Hiker's dog saved his life when they were hit by lightning
Hiker Jonathan Hardman survived a lightning strike in the Colorado mountains last weekend. Doctors believe his dog Rambo may have saved his life.
Hardman tells As It Happens guest-host Susan Bonner: "We started making our way down Mount Bierstadt when a cloud moved in. I was hurrying up, when next thing I know I felt extreme pain. Then I woke up with blood on the inside of my sunglasses...every muscle in my body had tightened up. It was a very intense feeling, I had no use of my arms or legs, I had been knocked unconscious."
Hardman says: "When I came to, I sat there trying to regain my breath. The first thing I started thinking of was 'where's my dog?' Then I started crawling around...yelling for my dog. I didn't see him right away, then I spotted him up there on top of a rock just laying there. And, you know, a dog doesn't just lay like that. He was right there next to me when it all happened. The charge went through both of our bodies, and that was how he passed.

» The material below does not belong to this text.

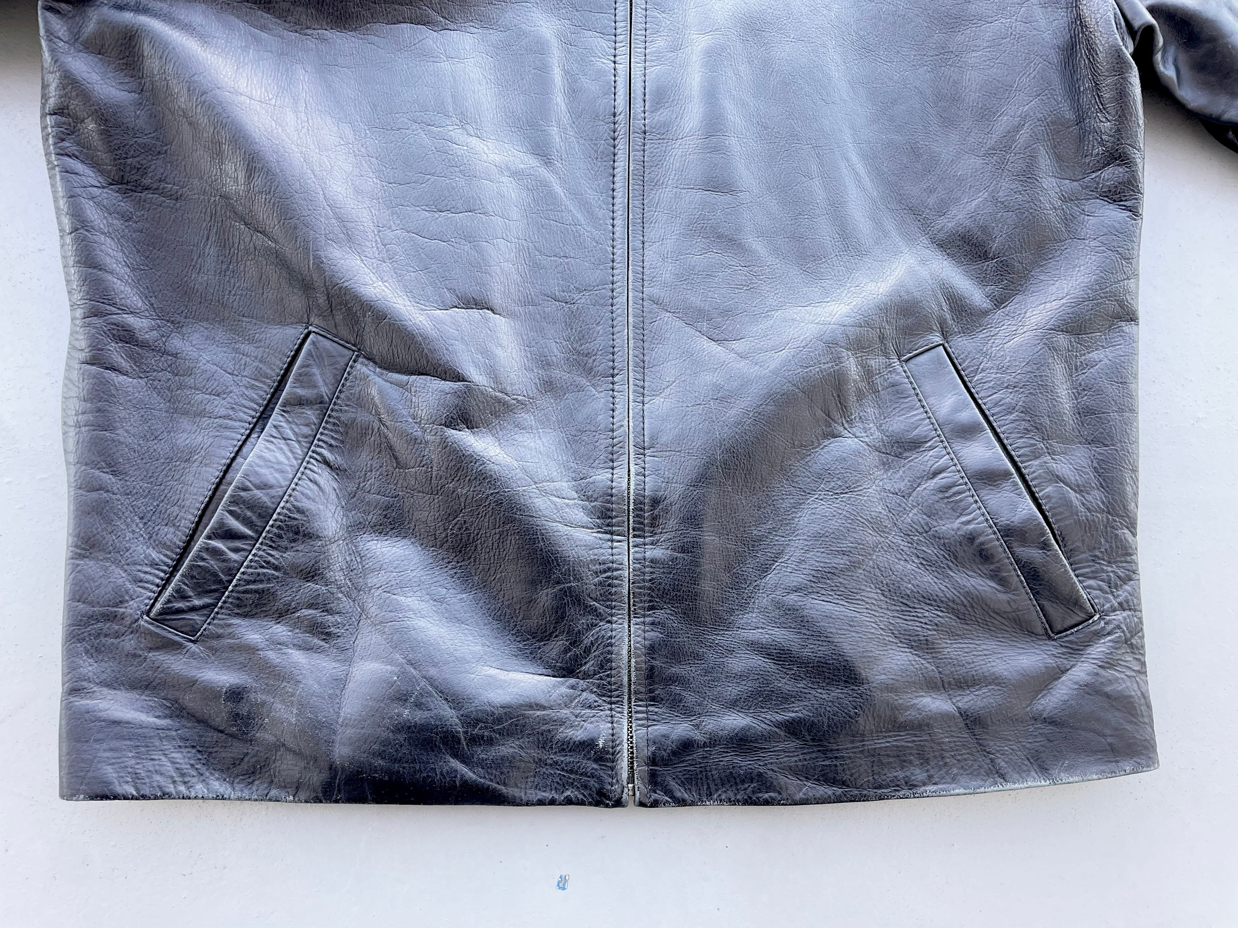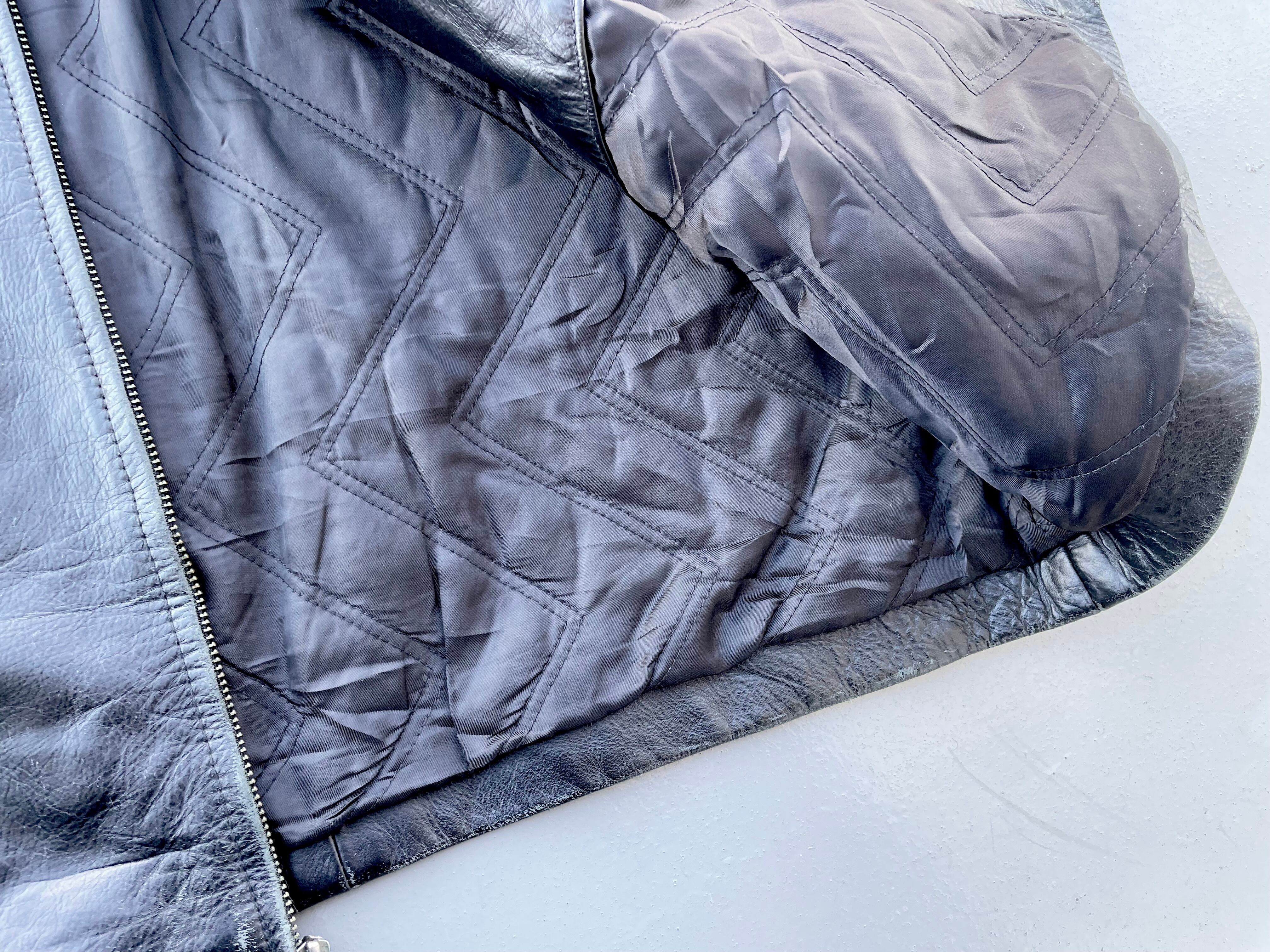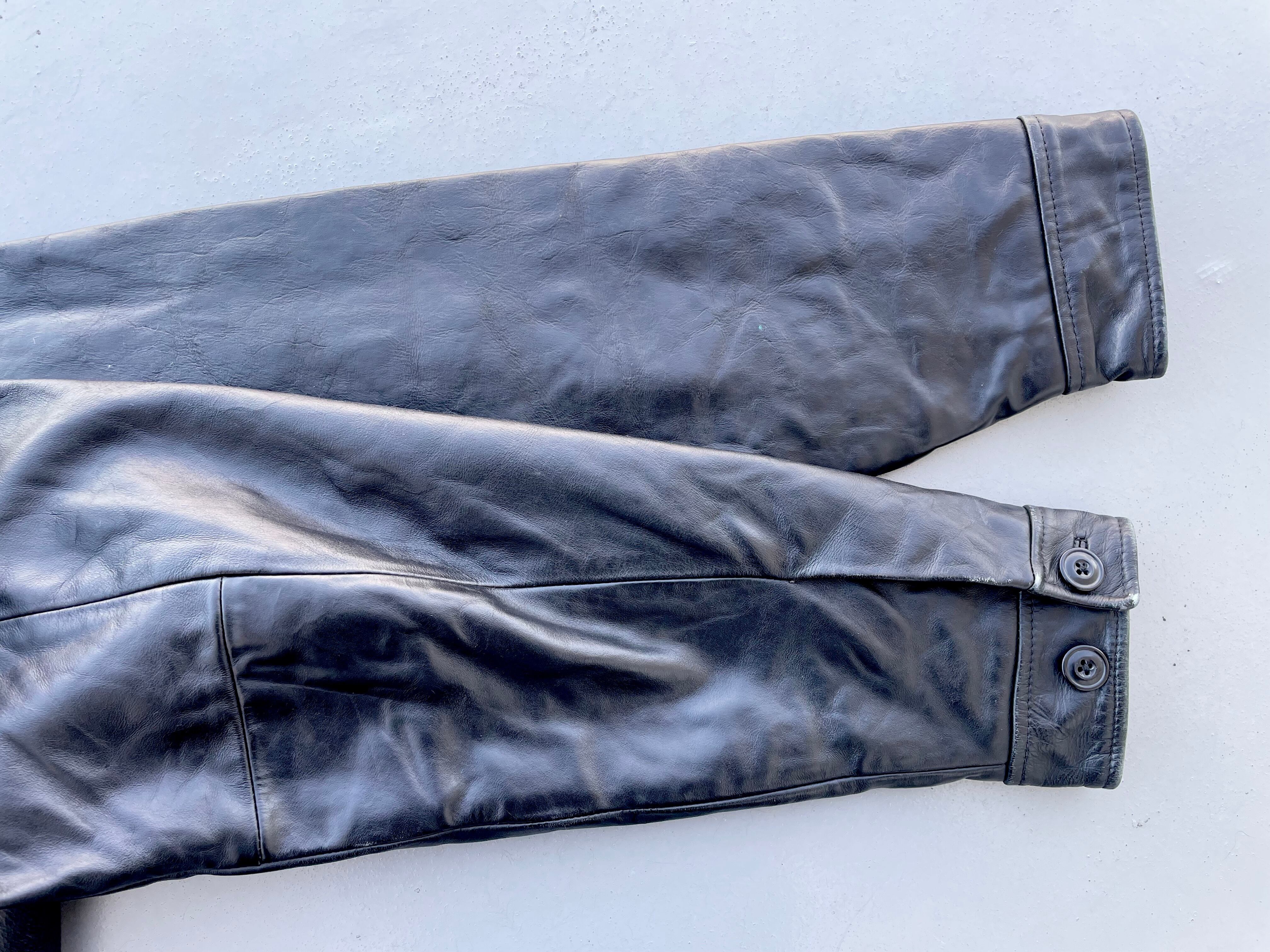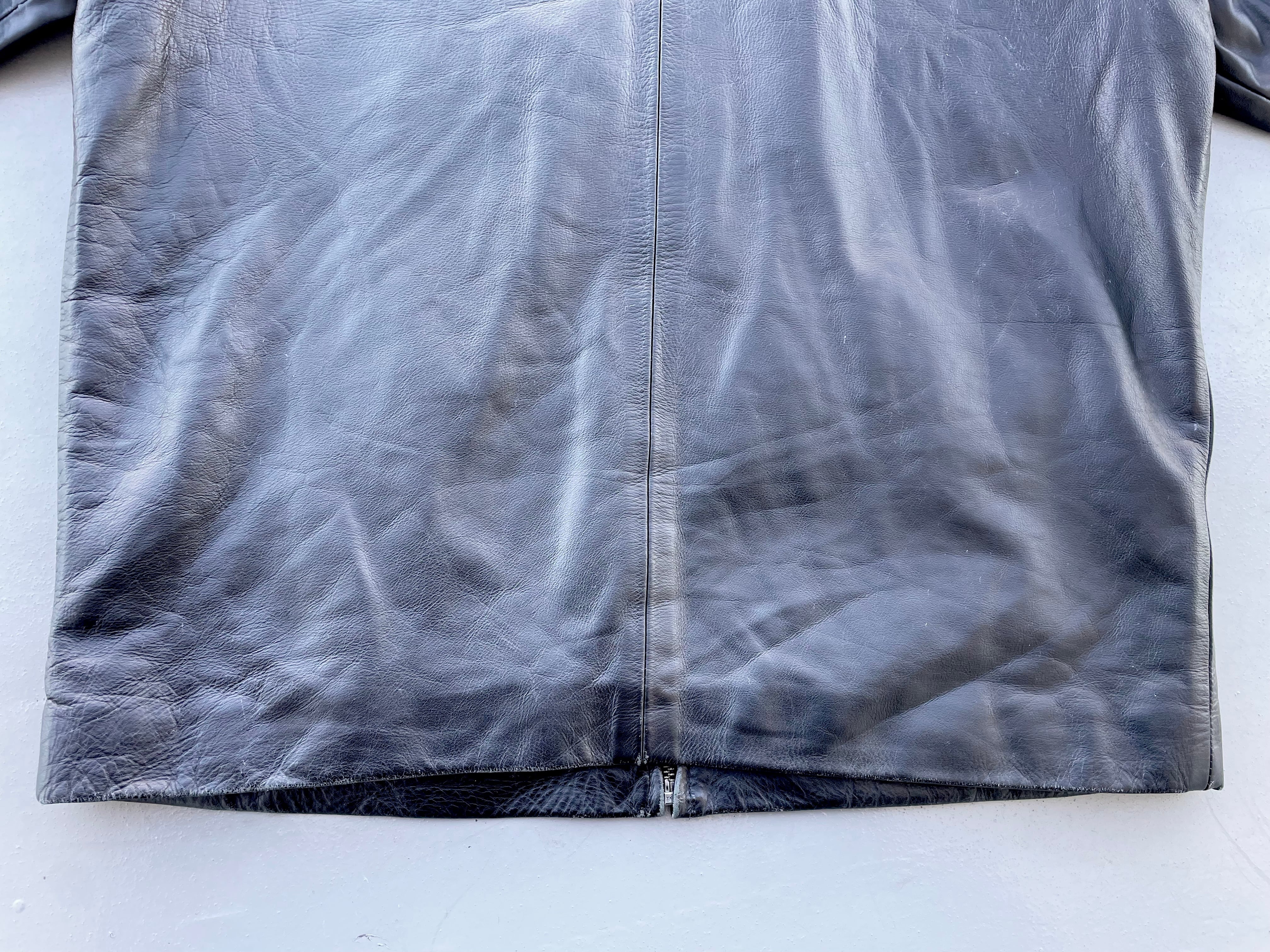 【商品詳細】ギャップのシングルレザージャケット。サイズはM。カラーはブラック。01年代中国製。ギャップ定番モデルのスポーツジャケットタイプのレザージャケット。ソリッドな装いで人気の高い一着。カウレザー+中綿仕様で一着でしっかり暖かいです。多少の使用感や傷はございますが、全体で見ると良い塩梅の経年劣化で雰囲気あります。他気になる傷や穴、レザー硬化等なく前線で活躍する個体かと。

When I got to the hospital, the doctors told me that had he not been there, I would not have made it. Rambo helped take some of that electrical current out of my body."
Hardman says that he is now recovering well, at least physically. And he's trying his best to cope with losing his dog Rambo: "He was a beautiful dog." Hardman adds that he may get a new dog one day, "to fill that void that he's left in my life."
In the meantime, Hardman says he's still unable to drive, but "I have a friend that's going to take me out there and we'll get my dog Rambo and we're going to go put him to rest out in the mountains, where he belongs. He loved it out there. As soon as he saw me getting my backpack out -- he knew. He would always start jumping and getting all excited."